**Work instruction**
Extract, in full, the lines below, beginning at the first and ending with the line that contains "- Schlauchaufroller befindet". Pictures do not belong in the copy.

**Exercise material**
◇ ◇ ◇ ◇ ◇ ◇ ◇
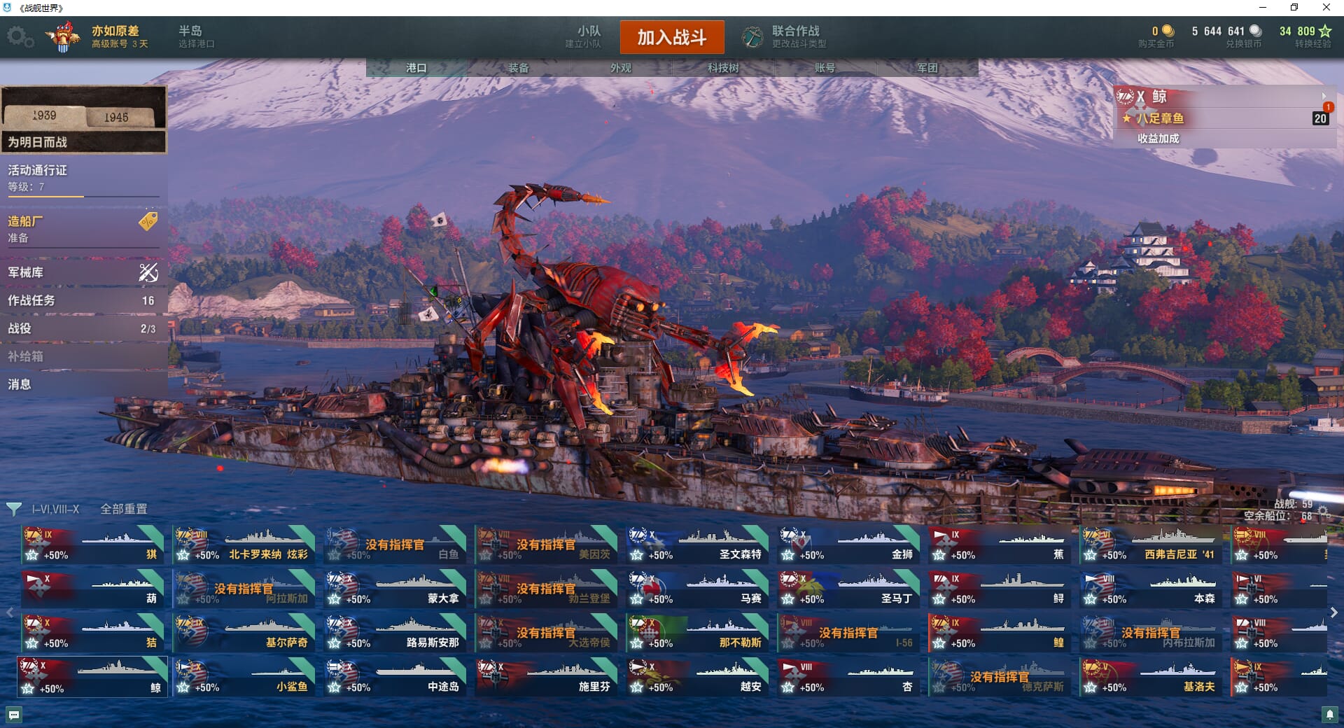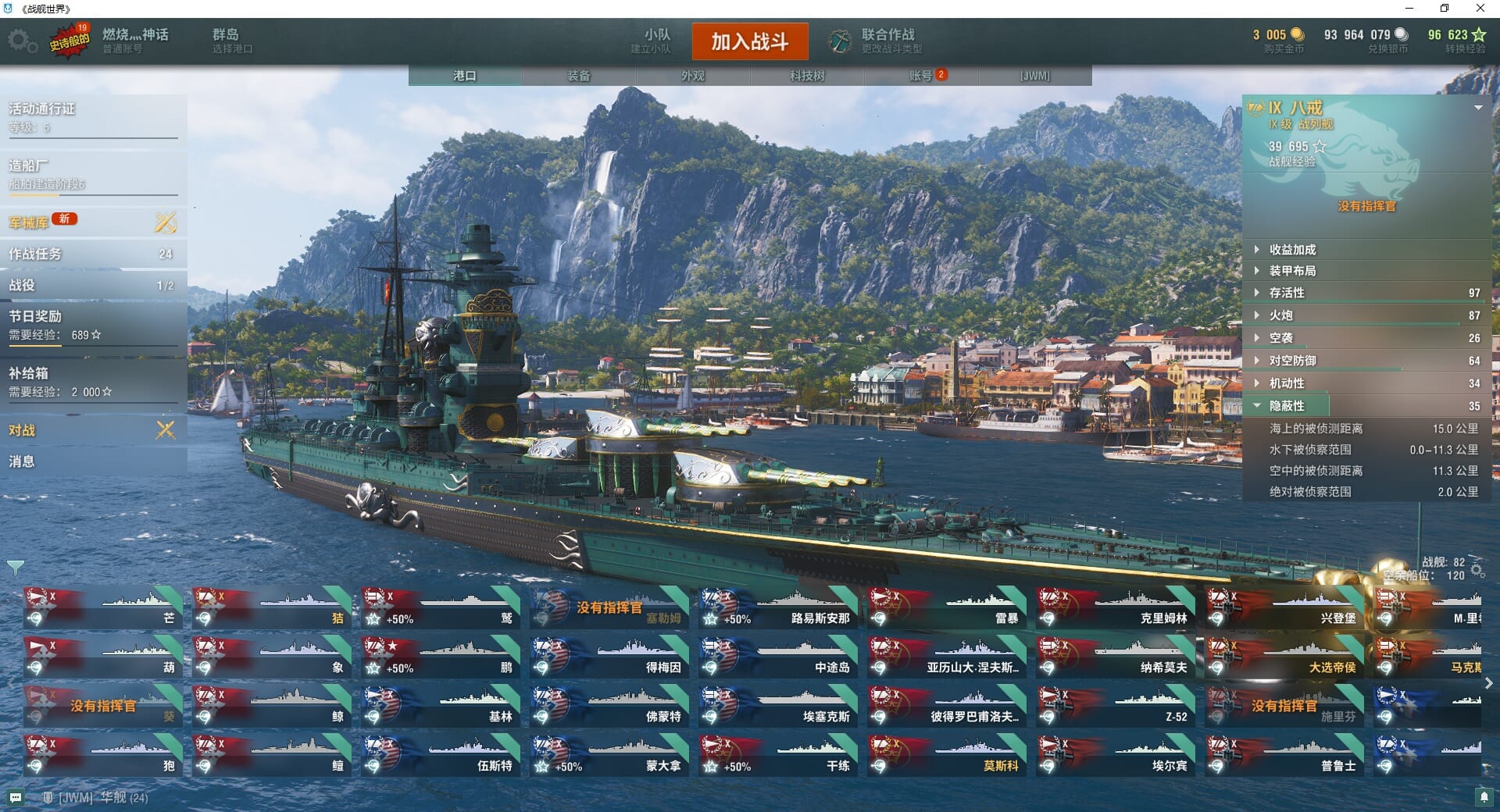 TD1152/无绑定-决对安全/全部战舰59/钢船1/小鲨鱼/煤船6/大选帝侯/那不勒斯/狤/猉/基尔萨奇/基洛夫/10级16/葫/鲸/白鱼/蒙大拿/路易斯安那/中途岛/施里芬/圣文森特/马赛/越安/金狮/圣马丁/金币0/银币564w/经验34809
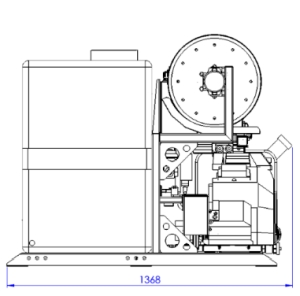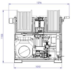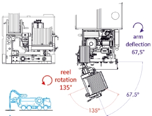 - Schlauchaufroller befindet sich auf den Arm mit horizontaler Aufhebung um 67,5° mit der Möglichkeit einer zusätzlichen Schwenkung um 135° in horizontaler Richtung
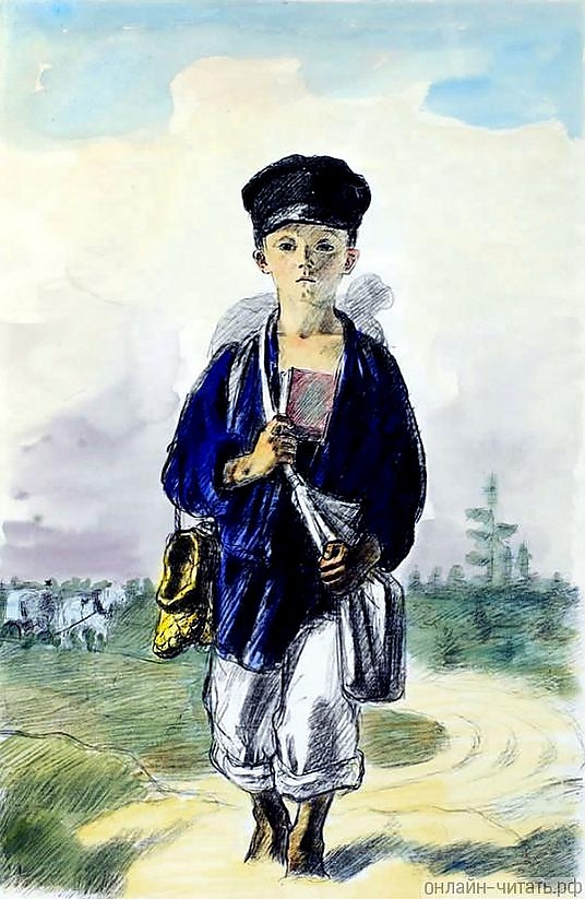 Поэт создал образ ребёнка из бедной крестьянской семьи, стремящегося к знаниям. Этот образ соответствует представлениям Н. А. Некрасова о будущих поколениях. Образ можно рассматривать как собирательный, у него нет конкретных черт. Описывая оборванный вид крестьянского паренька («Ноги босы, грязно тело, и едва прикрыта грудь…»), поэт подчёркивает его дальний одинокий путь и преодоление больших трудностей. Это указывает на его энтузиазм и высокие устремления[2].
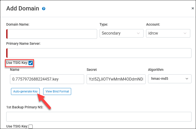 Secondary domains provide the capability to use TSIG keys as an additional layer of security for your Name Server, as well as the Backup Name Server(s) if you choose to add them. The TSIG Key value can either be entered manually, or you can select the Auto-Generate Key button to have a randomly generated TSIG Key created for you.
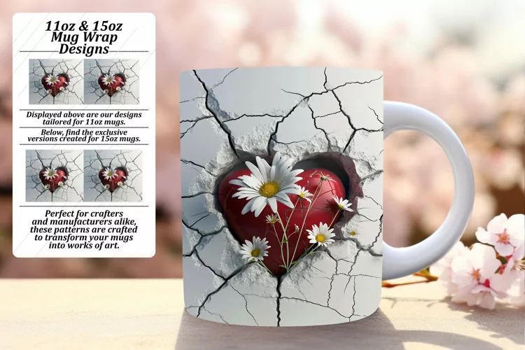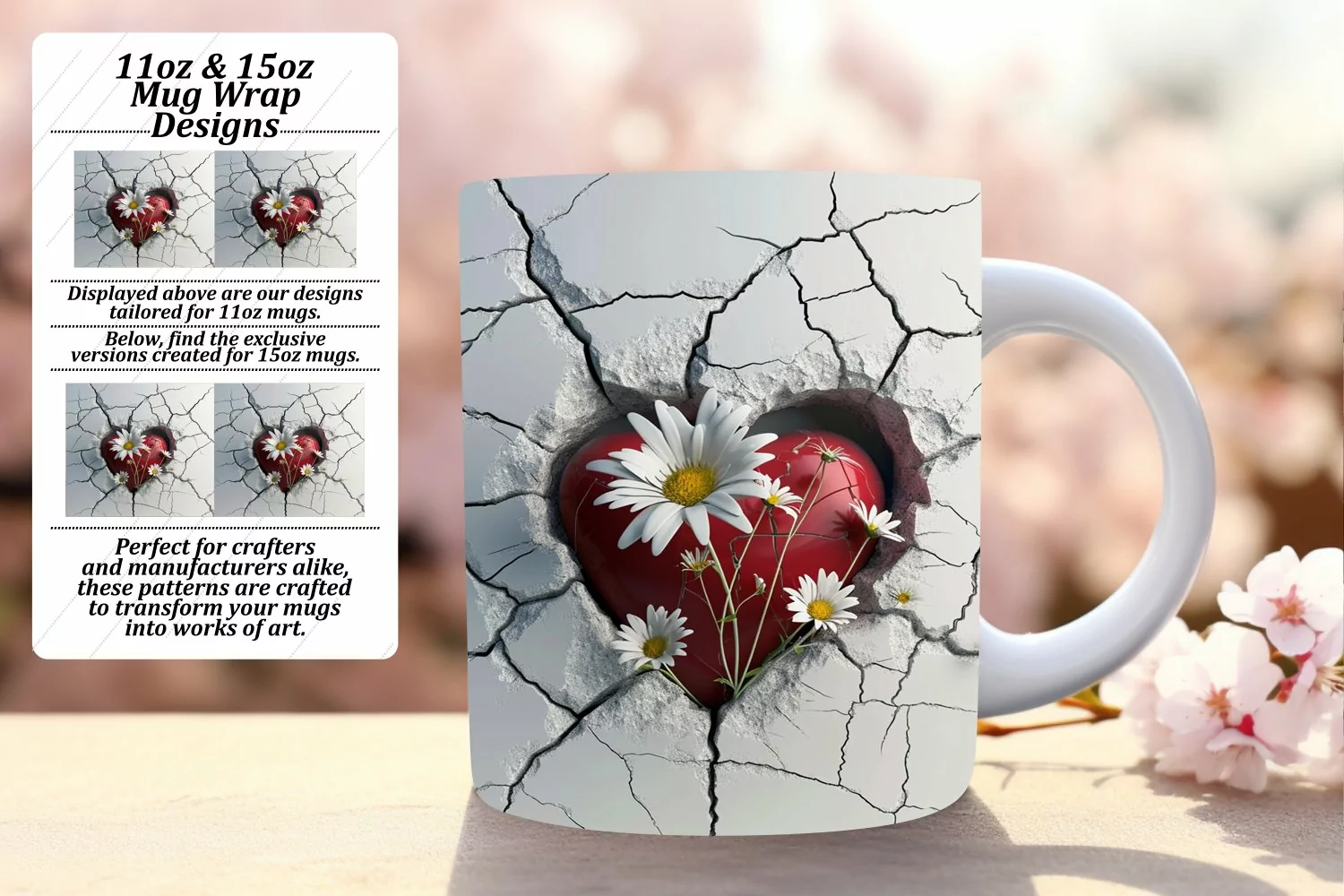 Coffee Cup Sublimation Design 11oz Mug Wrap 15oz Mug Wrap Valentines Mug Wrap 3d Mug Wrap 3d Hole In Wall Sublimation Glossy Sublimation 3d Heart Mug Wrap 3d Heart Sublimation Design
◇ ◇ ◇ ◇ ◇ ◇ ◇
**Response for this exercise**
 TD1152/无绑定-决对安全/全部战舰59/钢船1/小鲨鱼/煤船6/大选帝侯/那不勒斯/狤/猉/基尔萨奇/基洛夫/10级16/葫/鲸/白鱼/蒙大拿/路易斯安那/中途岛/施里芬/圣文森特/马赛/越安/金狮/圣马丁/金币0/银币564w/经验34809
 - Schlauchaufroller befindet sich auf den Arm mit horizontaler Aufhebung um 67,5° mit der Möglichkeit einer zusätzlichen Schwenkung um 135° in horizontaler Richtung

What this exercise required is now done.